_Task brief:_
Using the entries that follow, transcribe only the lines from the line with "This black Attica" to the line with "奥行2.5mの狭い敷地に、高", both included, exactly as they stand and without pictures.

Stored data entries

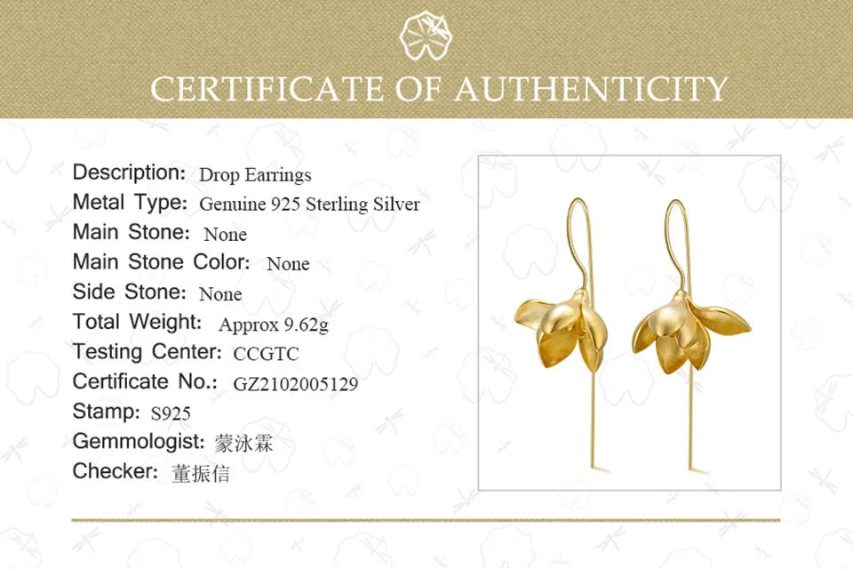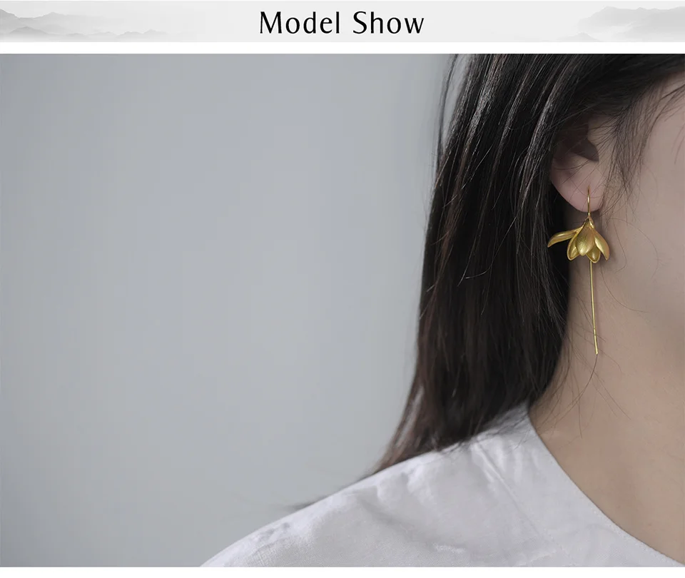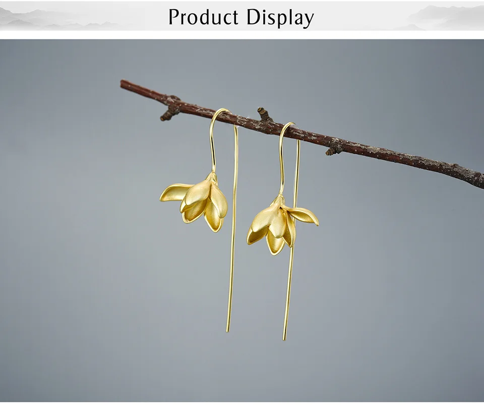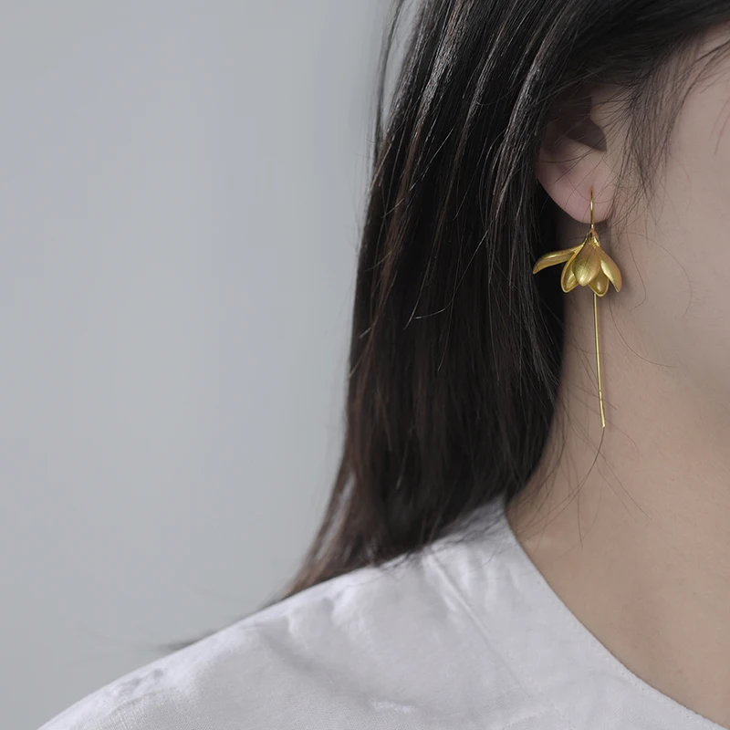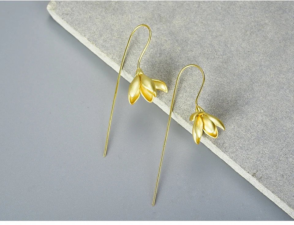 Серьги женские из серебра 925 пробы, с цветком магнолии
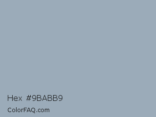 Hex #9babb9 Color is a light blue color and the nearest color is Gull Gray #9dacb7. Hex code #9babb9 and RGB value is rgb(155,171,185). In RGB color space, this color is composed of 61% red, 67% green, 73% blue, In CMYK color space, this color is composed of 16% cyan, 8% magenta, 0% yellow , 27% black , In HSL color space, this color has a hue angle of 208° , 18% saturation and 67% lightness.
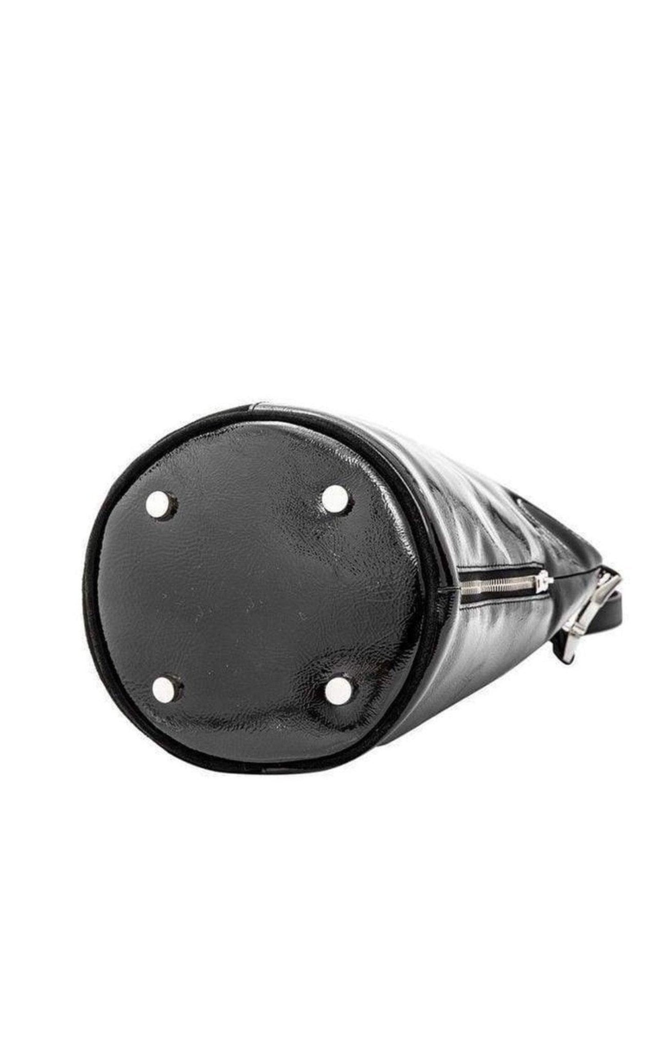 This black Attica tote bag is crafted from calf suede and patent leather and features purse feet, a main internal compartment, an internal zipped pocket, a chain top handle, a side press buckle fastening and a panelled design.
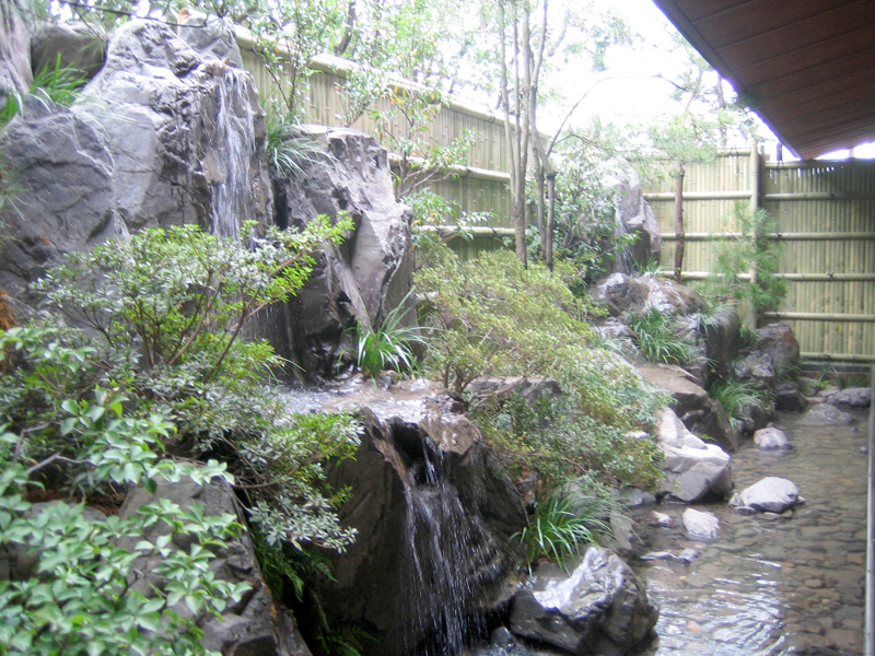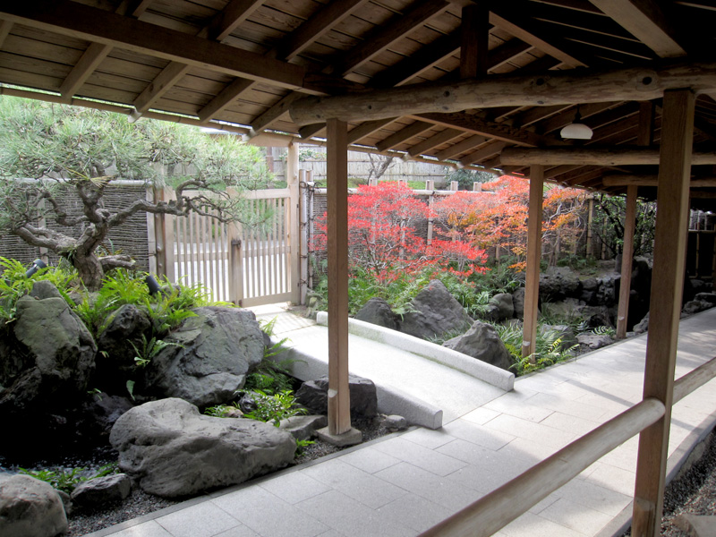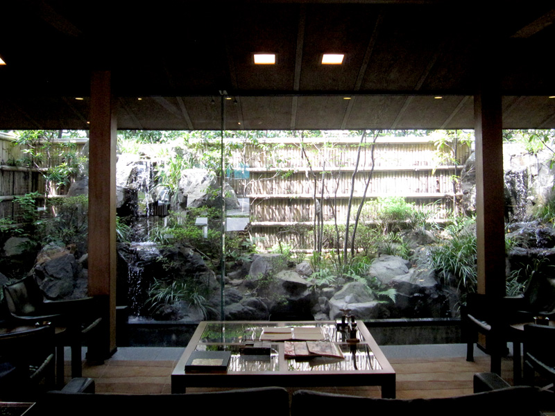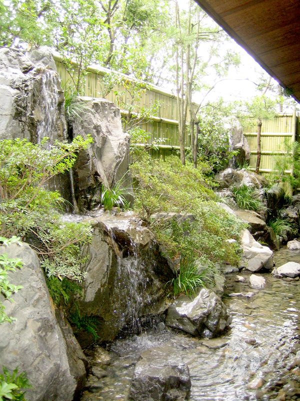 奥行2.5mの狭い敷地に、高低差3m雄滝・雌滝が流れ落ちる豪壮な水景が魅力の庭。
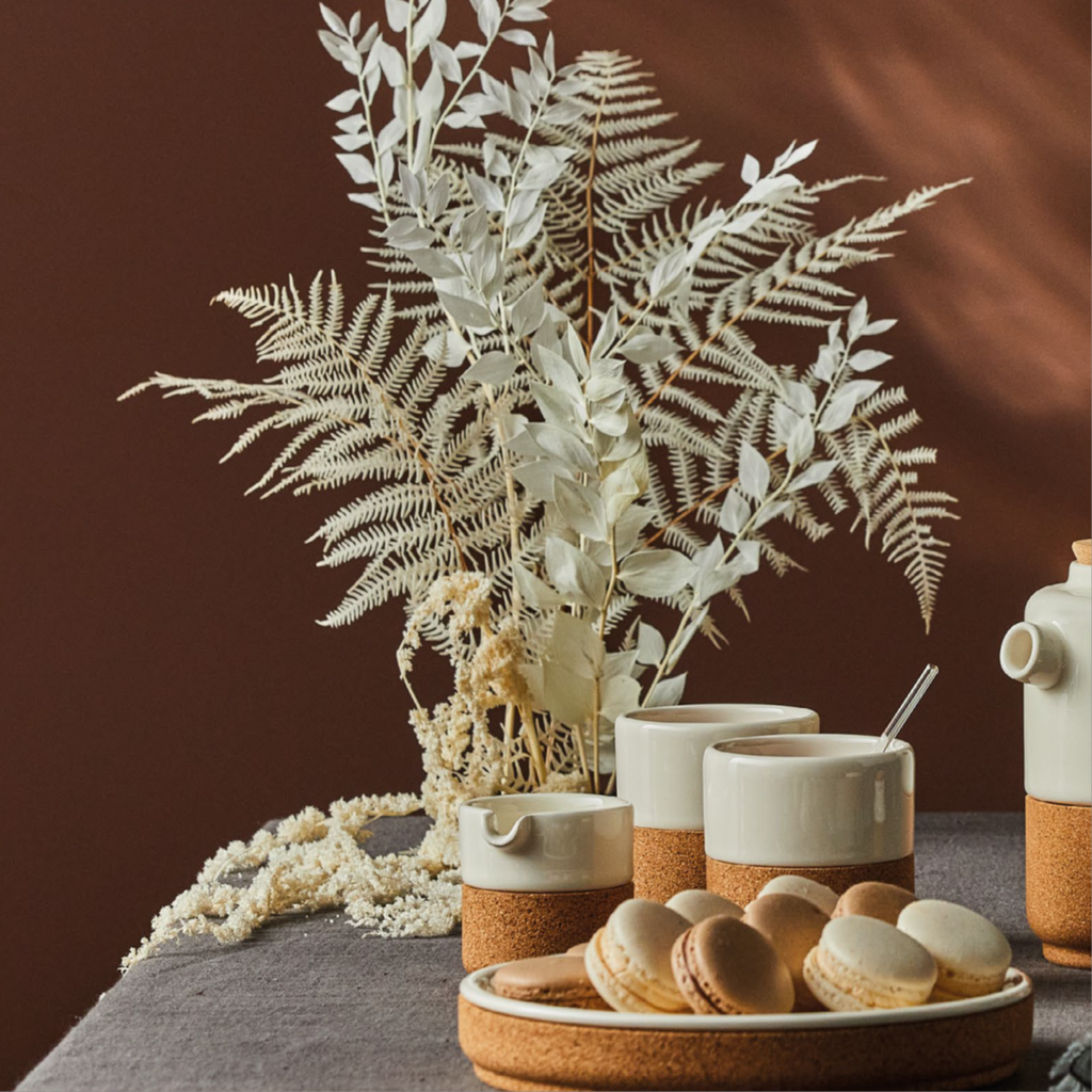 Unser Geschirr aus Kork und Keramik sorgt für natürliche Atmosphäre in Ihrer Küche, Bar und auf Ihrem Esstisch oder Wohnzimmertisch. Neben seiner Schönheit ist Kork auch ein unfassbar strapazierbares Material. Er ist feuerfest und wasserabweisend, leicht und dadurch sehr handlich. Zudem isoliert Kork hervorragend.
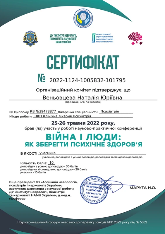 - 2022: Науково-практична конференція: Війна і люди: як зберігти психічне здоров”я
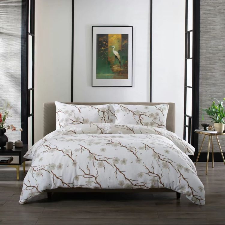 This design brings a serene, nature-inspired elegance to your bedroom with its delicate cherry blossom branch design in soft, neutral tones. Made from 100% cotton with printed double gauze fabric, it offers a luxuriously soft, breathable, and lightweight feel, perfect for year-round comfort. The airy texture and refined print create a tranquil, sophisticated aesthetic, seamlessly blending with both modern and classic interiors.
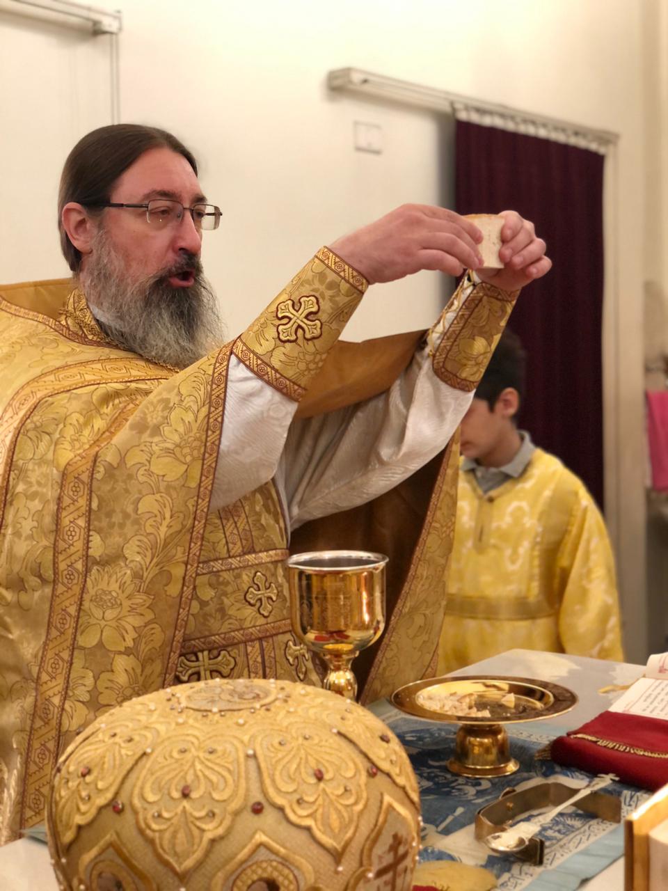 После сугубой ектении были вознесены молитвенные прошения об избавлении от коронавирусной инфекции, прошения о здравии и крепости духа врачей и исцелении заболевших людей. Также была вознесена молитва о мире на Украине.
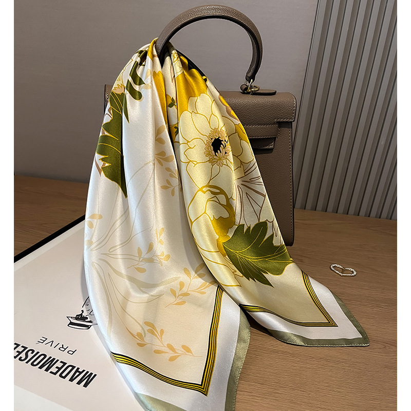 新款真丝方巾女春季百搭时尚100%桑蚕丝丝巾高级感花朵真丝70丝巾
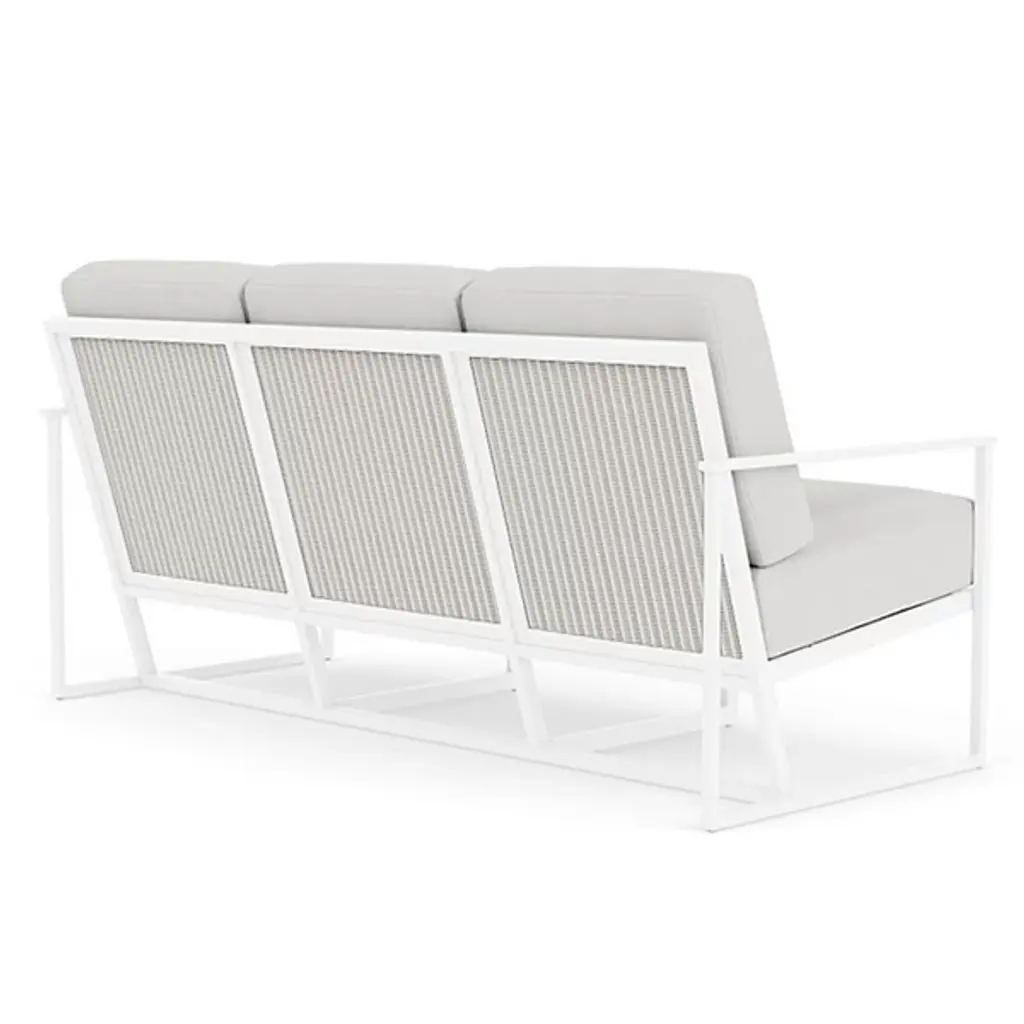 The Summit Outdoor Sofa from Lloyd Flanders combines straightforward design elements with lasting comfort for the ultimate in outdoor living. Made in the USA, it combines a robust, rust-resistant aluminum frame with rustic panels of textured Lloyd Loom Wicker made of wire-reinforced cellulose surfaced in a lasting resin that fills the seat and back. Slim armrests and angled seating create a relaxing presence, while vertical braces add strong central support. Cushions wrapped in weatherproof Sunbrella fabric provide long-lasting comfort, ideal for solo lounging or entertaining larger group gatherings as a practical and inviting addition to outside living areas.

_Result of this exercise:_
 This black Attica tote bag is crafted from calf suede and patent leather and features purse feet, a main internal compartment, an internal zipped pocket, a chain top handle, a side press buckle fastening and a panelled design.
 奥行2.5mの狭い敷地に、高低差3m雄滝・雌滝が流れ落ちる豪壮な水景が魅力の庭。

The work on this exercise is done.